Tuesday, January 25, 2005

A Gem

I'm reading the most awesome book right now.

I'm still plodding slowly through my plan to read Newbery award-winners and honour books, and I'm reading them in reverse-order, going back through time. 2000-1998 was rough, because there were a total of four dead babies in the books I read from that time period (oh, the crying...) - some sort of odd thematic thing, dead babies? Am firmly ensconced now, however, in 1997, with no dead baby in sight so far.

The book of the day is "A Girl Named Disaster" by Nancy Farmer. I'm completely hooked.

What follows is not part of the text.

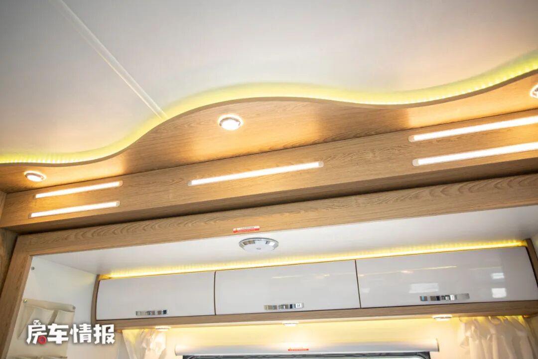 最前方驾驶室上方是额头休息区,采用三面环窗的设计,床铺尺寸为2200*1250mm。

It's about a girl from a small village in Mozambique (not clear on the time setting (1960s?)), and it's fiction but based on serious ethnographic study (Nancy Farmer doesn't get on the Newbery list so often for nothing!) I was sold by page two. Not only is the storyline good, but oral storytelling plays a strong part in their culture, and so stories keep popping up in the middle of the text.

I was recommending it to Jimbo last night, because he's a serious science fiction reader. The food, the spiritual beliefs, and the setting are all so foreign to me that I feel like I'm reading science fiction at moments, and yet it's solid on raw human experience.

(And it has no dead babies. What else can you ask for from recreational reading.)

1 Comments:

Anonymous Anonymous said...

I watched "all about my mother" last night and cried all through it (because 3 people die (including a kid) and it's all so tragic) and thought "that must have been a great movie cuz I cried so much". But this morning I thought "would it still have been a great movie if no one died?" I decided yeah, in this case, it would, but I wouldn't have been so emotional about it. Death (and particularly death of a child) is such an easy shortcut to the viewer's or reader's emotions. And once you let go with emotions it's easier for the book or movie to get to you, I think. It seems like cheating. Could 4 books in a row with dead baby themes possibly be really good enough to win the Newbery or did the themes lead to emotional mis-judgement on the part of the judges?

Laureen (I'm not really anonymous, just not ready to link to my little blog in training yet).